That's not to say it didn't spend heavily on other KKR-approved investments in the same period. Its so-called opportunistic investments, including $350 million in convertible senior notes of Sun Microsystems and $185 million of publicly traded securities, totaled nearly $1 billion, while roughly $714 million fed various KKR private equity funds.

Taking into account additional expected fundings, including a $500 million co-investment in the buyout of Dallas, Texas-based utility company TXU and $1.2 billion-worth of capital commitments to various KKR funds, KPE estimated its remaining undrawn capital would be approximately $1.4 billion.

That estimate can now be altered to $1.1 billion, following KPE's commitment to co-invest in KKR's $27.9 billion acquisition of First Data, a US electronics payment company.

If KKR's first quarter investment pace continues as it has – the firm was responsible for nearly half of the quarter's $197 billion-worth of buyout activity, according to Dealogic – one assumes naturally that KPE will have soon spent all of its capital. Which begs the question: How soon until we see a KPE secondary offering?

Baring Vostok Capital Partners has closed its fourth private equity fund on $1 billion (€700 million). The fund will invest in companies in Russia, Ukraine, Kazakhstan and other former Soviet countries, in the financial services, consumer, media, telecoms and oil & gas sectors. Fundraising began in December 2006. The firm, led by managing partner Michael Calvey, raised its first private equity fund with $160 million of committed capital in 1994. The second closed in 2001 on $205 million, and the third in 2005 on $413 million. The fourth fund has been backed by investors from Europe, North America, the Middle East and Asia. Baring Vostok, a division of Baring Private Equity International, has invested more than $600 million in nearly 50 companies since its inception in 1994.

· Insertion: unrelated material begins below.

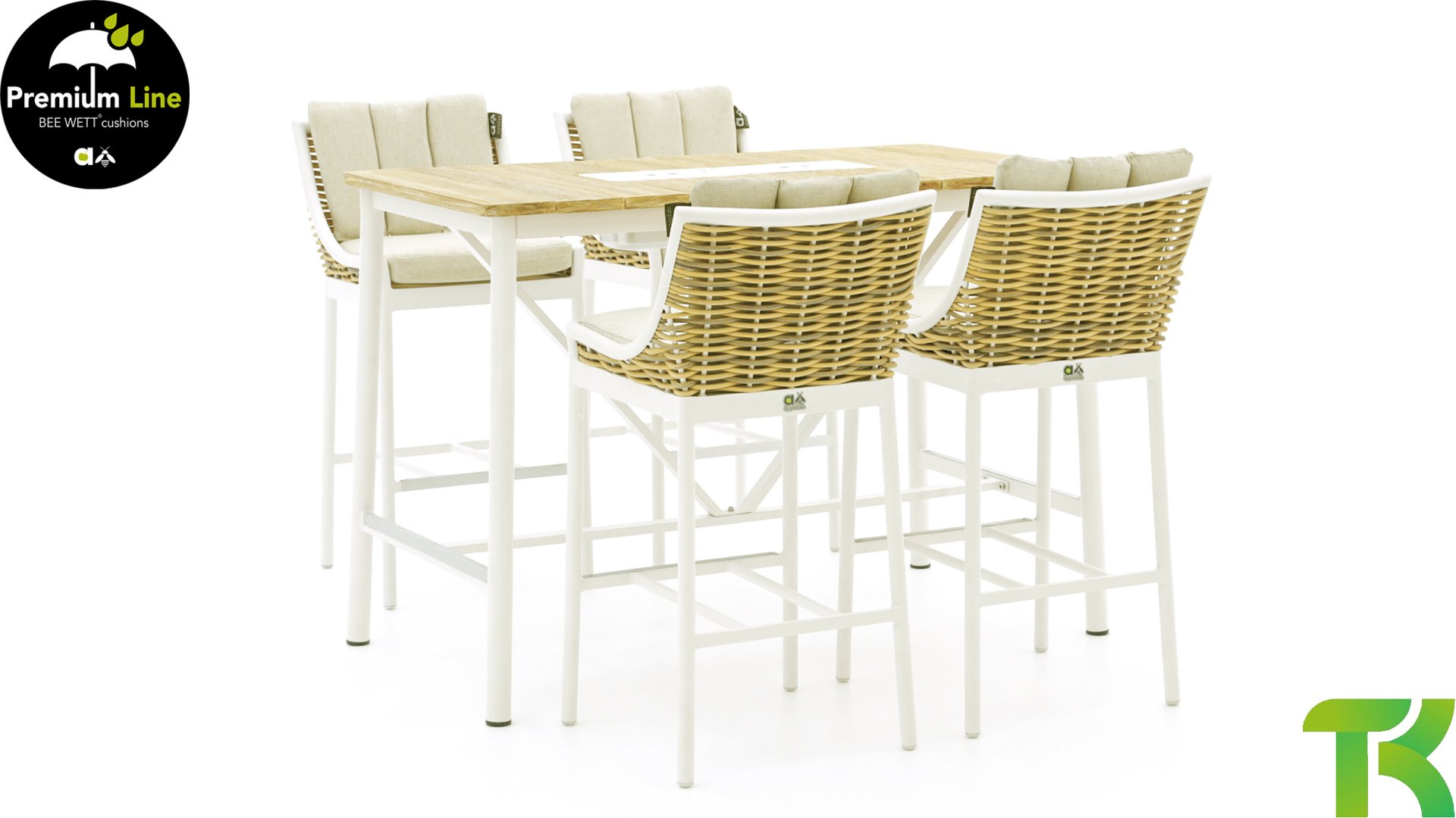 Das moderne Milou-Barset lässt sich hervorragend mit dem Milou Bartisch kombinieren. Der Milou Teak ist ein Tisch mit einem Aluminiumgestell, aber mit einer White Wash Teak-Tischplatte. Das raffinierte Design dieses Tisches hat ein Aluminiumgestell, das subtil zur Tischplatte übergeht. Sehen Sie hier die Kombination von Milou Barhocker mit dem Milou Bartisch: Applebee Milou Barset 7-teilig Nr. 01.

Intermediate Capital Group, the UKbased pan-European mezzanine and debt management specialist, has closed its fourth mezzanine fund on €2.3 billion ($3.1 billion). The fund, which is thought to be the biggest of its kind ever raised in Europe, held a first close in November and has made five investments to date. The fund will target the mezzanine tranche of European buyouts, and also buy senior debt and mezzanine loans in the secondary market. Founded in 1989, ICG has offices in London, Paris, Hong Kong, Madrid, Stockholm, Frankfurt, Sydney and Tokyo. The firm has €4.7 billion under management.

Swiss venture capital firm NanoDimension has closed a dedicated nanotechnology fund on €45 million ($60 million). The fund has made one investment to date, backing Crocus Technology, a French business that develops magnetic data storage for computers.

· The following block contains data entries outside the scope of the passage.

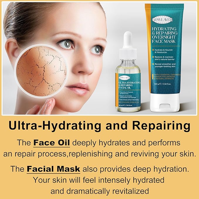 - Ultra-Hydrating and Repairing: This Face Oil deeply hydrates and repairs skin barrier, replenishing and reviving your skin—combating Dehydration & Dryness, reducing Fine Lines & Wrinkles, enhancing Lifting & Firming, and improving Uneven Skin Tone. Made with pure Camellia Japonica Seed Oil and Hippophae Rhamnoides Seed Oil only, with NO other additives,The gentlest for dry skin,even for teens 10-12,skin care for teens 14-16 girls.The Facial Mask also provides deep hydration
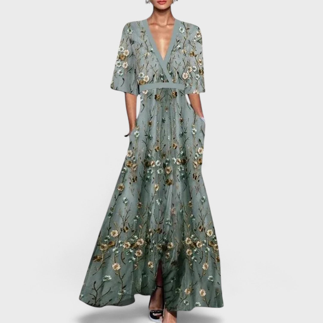 Questo abito lungo con ricami floreali è la scelta perfetta per momenti speciali sotto il sole.
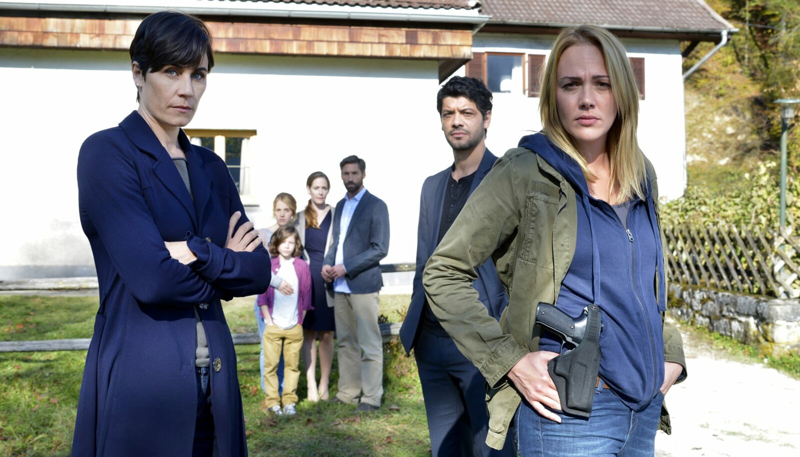 Teil 2LKA-Ermittlerin Ursula Thern (Nina Kunzendorf, li.) betreut mit ihren Kollegen Mario Kreutzer (Carlo Ljubek, 2. v. re.) und Nadja Lenz (Alwara Höfels, re.) im Zeugenschutzprogramm eine Bankerfamilie (hinten von links nach rechts.): Vater Simon Dreher (Benjamin Sadler), Mutter Rieke (Stephanie Japp), Tochter Lona (Paula Kalenberg) und Sohn Anton (Daan Lennard Liebrenz).Bild: © SWR/ARD Degeto/Christiane Pausch
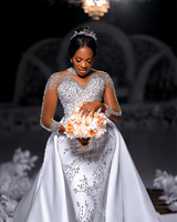 이동식 꼬리 새틴 스커트 전체 소매 버튼 백 신부 가운과 맞춤형 무거운 크리스탈 비즈 인어 웨딩 드레스
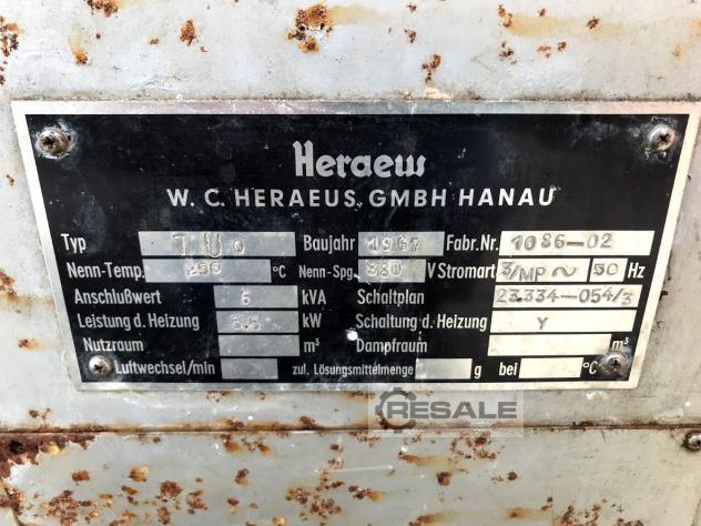Manufacturer: Heraeus Type: TUo Year of construction: 1967 Power: 5.5 kW Temperature: 250 °C Dimensions: 600 x 600 x 550 mm
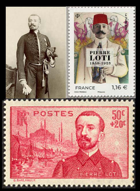 Reçu à l’École navale, Pierre Loti devient officier de Marine, fonction qu’il exerce pendant quarante ans et qui l’amène à parcourir le monde. De Tahiti à l’Extrême-Orient, en passant par l’Afrique du Nord et la Turquie – sa patrie d’élection, les pays traversés servent de cadres à ses intrigues romanesques. Loti s’affirme comme « le plus grand écrivain exotique », soufflant un siège à l’Académie française au nez de Zola en 1891. Caractérisées par un lexique pauvre et par la présence de personnages aussi frustes que passionnés, ses œuvres ont été comparées aux toiles des Impressionnistes, restituant par petites touches le langage des éléments. Cité en 1918 pour son action militaire, Loti a toujours veillé à observer d’un œil critique le paysage politique international, prenant publiquement position, notamment en faveur de la cause turque. Des funérailles nationales ont été organisées afin de célébrer sa mémoire. Figaroscope
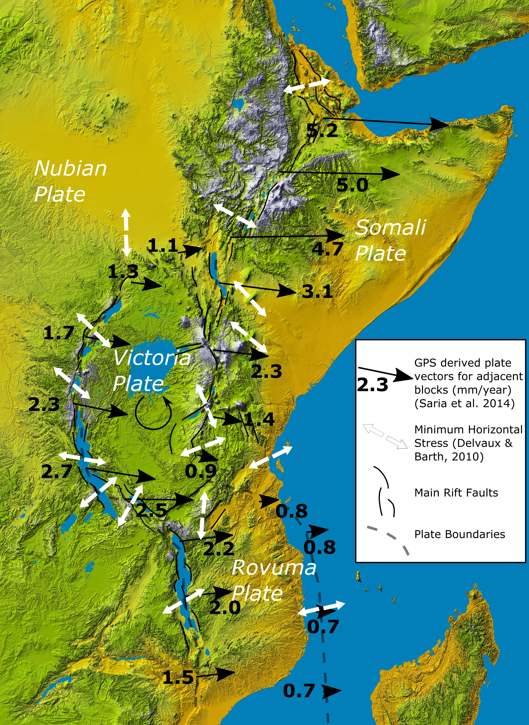 동아프리카 지구대는 아프리카 대륙을 열개(裂開)시키는 열곡대로, 아파르 삼각지대에서 시작하여 남서쪽으로 모잠비크 인근까지 이어진다. 이 열곡대는 신생대 제3기 초 올리고세(30∼35 Ma)부터 북쪽에서부터 형성되기 시작하여 현재까지 대륙 내부에서 확장 운동이 일어나고 있다.[46] 홍해와 아덴만에서는 확장 운동으로 새로운 해양지각이 생성되고 있으며,[46] 지진 활동 또한 활발하다.[47]동아프리카 지구대에는 빅토리아(Victoria), 로부마(Rovuma), 루완들(Lwandle) 등의 미판(microplates)이 존재한다.[71] 빅토리아 미판은 동부와 서부 열곡대 사이에 위치하며,[72] 소말리아판과 로부마 미판은 시계방향으로, 빅토리아 미판은 반시계방향으로 회전하고 있다.[73]
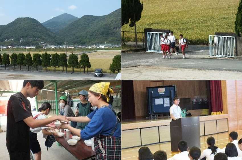 左下:育西会恒例豚汁の提供 右下:閉会式 校長による講評の様子
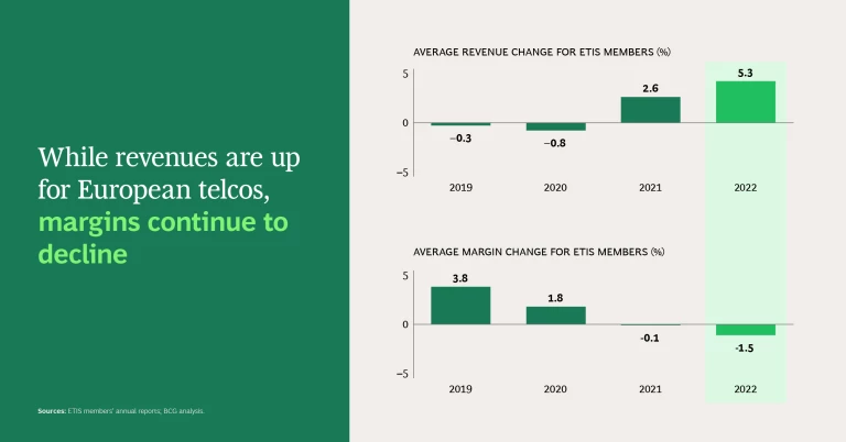 On the revenue side, ETIS members continue to show positive, if not electrifying, momentum. Overall, revenues rose 5.3% in 2022, up from a 2.6% increase in 2021. Digital and ICT services, price premiums, and expansion beyond the core—in areas like media, eHealth, and even financial services—all gave the top line a bump.

French buyout firm Eurazeo has closed its first vehicle for third party investors on €500 million ($670 million). The vehicle, Eurazeo Co-Investment Partners, will invest alongside Eurazeo in every deal the firm does on a pro rata basis, committing €20 million for every €100 million that Paris-listed Eurazeo invests.

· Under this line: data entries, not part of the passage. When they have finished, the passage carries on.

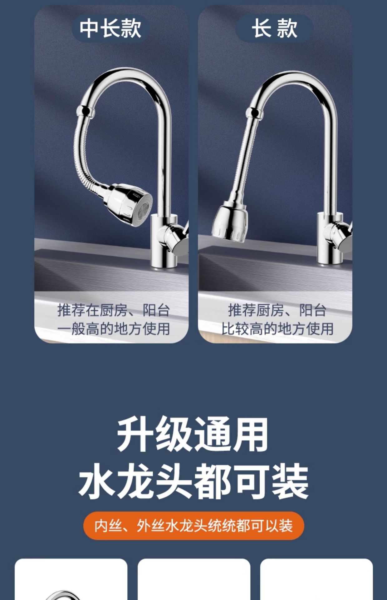 [업그레이드된 중간 길이] 3단계 방수 기능●360도 회전 플러시 - 범용 설치
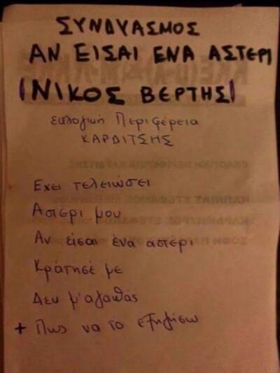 Νίκο Βέρτη και «Αν είσαι ένα αστέρι» αποφάσισε να ψηφίσει θαυμάστρια του τραγουδιστή στις εκλογές. H θαυμάστρια του Νίκου Βέρτη, που από ότι φαίνεται ανήκει στην εκλογική περιφέρεια της Καρδίτσας εγραψε, τον δικό της συνδυασμό με όνομα «Αν είσαι ένα αστέρι», την τεράστια επιτυχία του λαϊκού τραγουδιστή. Επικεφαλής του συνδυασμού ήταν φυσικά ο Νίκος Βέρτης, ενώ οι «υποψήφιοι» στην λίστα του ψηφοδελτίου ήταν τίτλοι τραγουδιών του.
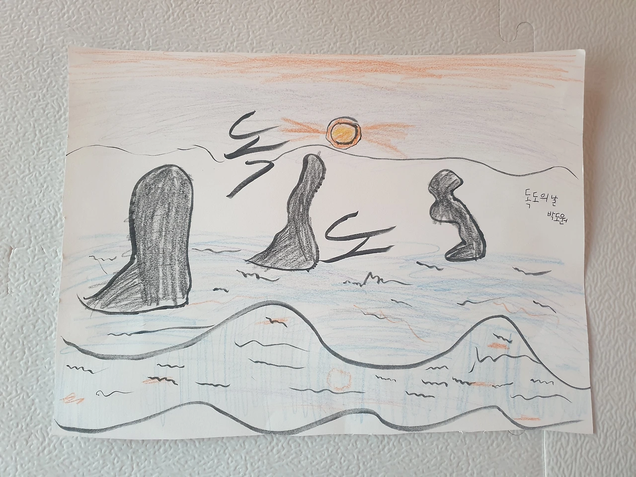 아들과 함께 노을 지는 독도의 바다를 표현해 봤습니다.^^
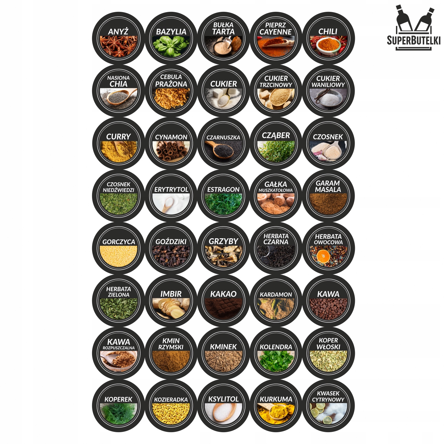 🏷 ️ 200 барвисті, розбірливі етикетки з іменами спецій - кінець хаосу - кожна спеція з власною наклейкою та графікою!
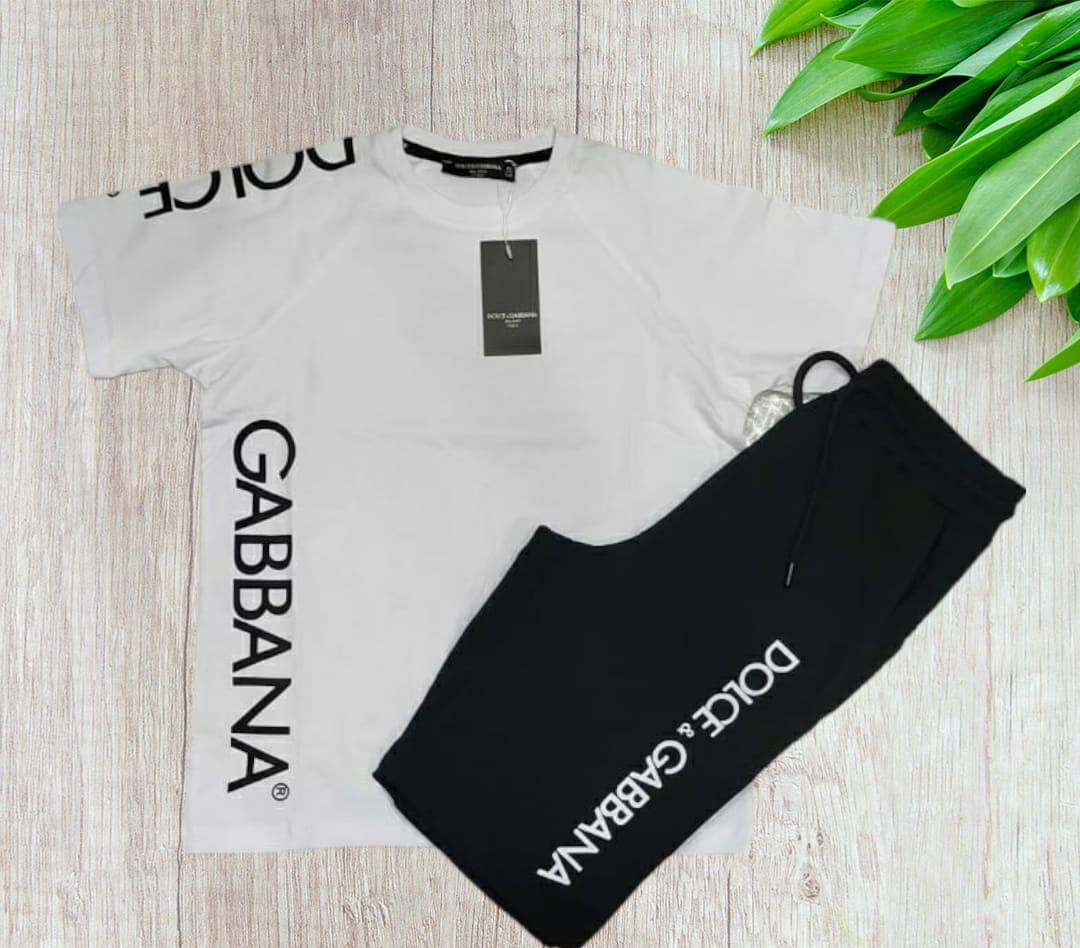 Костюм Dolce & Gabbana LUX-88706 представляет собой стильный комплект, состоящий из футболки и брюк. Футболка выполнена в белом цвете с черными надписями, а брюки - в черном. Этот костюм подойдет для создания современных и комфортных образов.

The alternative investments business of Deutsche Bank Asset Management has closed a $775 million secondaries fund, which will also buy secondary interests in private equity funds and co-invest in buyout deals. The fund has agreed to buy a portfolio of 97 private equity fund interests from its parent Deutsche Bank with a total value of $415 million. It will also buy other secondary fund interests and portfolios of direct investments. The fund will be led by Charles Smith, RREEF's global head of private equity, and Carlo Pirzio-Biroli.

UK mid-market firm Vitruvian Partners has held a first close on its debut fund on €424 million ($571 million). The fund has a final target of €900 million. Veteran Apax partner Toby Wyles founded Vitruvian in October 2006 to target mid-market opportunities. Wyles was cohead of Apax's European leveraged team when he left in 2003. Vitruvian, which is named after the Leonardo da Vinci drawing of the Vitruvian Man, has recruited Michael Risman and David Nahama from Apax, Ian Riley from BC Partners, and CFO Mark Hartford from Bridgepoint.

Italian mid-market firm Aksìa Capital has closed its third fund on €150 million ($202 million). Investors in the fund include Partners Group, Gartmore, Bear Sterns, JP Morgan and Parish Capital. The fund has made one investment to date, when it bought a majority stake in Robuschi, an Italian industrial pumps manufacturer, for €30 million. Aksìa is owned and managed by three Italian investment veterans: Nicola Emanuele, Stefano Guidotti and Marco Rayneri.

German media company Bertelsmann has teamed up with Citigroup and Morgan Stanley to raise a €1 billion buyout funds to target private equity opportunities in the media sector. Bertelsmann will contribute about €500 million ($673 million) to the fund, while Citigroup and Morgan Stanley will each invest €250 million. It is thought that the fund is already targeting its first deal, an investment in Thomson Learning, a Canadian-owned educational publisher thought to be worth about $5 billion. The fund will be led by Bertelsmann's chief financial officer Thomas Rabe. The company is also thought to be launching a €50 million venture fund.

AIG Capital Partners has closed AIG New Europe Fund II on €523 million ($695 million). The fund will invest in companies in Poland, the Czech Republic, Slovakia, Hungary, Romania and Bulgaria. It will be led by Pierre Mellinger in Warsaw. The firm's first fund dedicated to investment in the region closed in 1999 on $321 million. AIG Capital Partners is the private equity business of AIG Global Investment Group, and manages about $20 billion in private equity assets.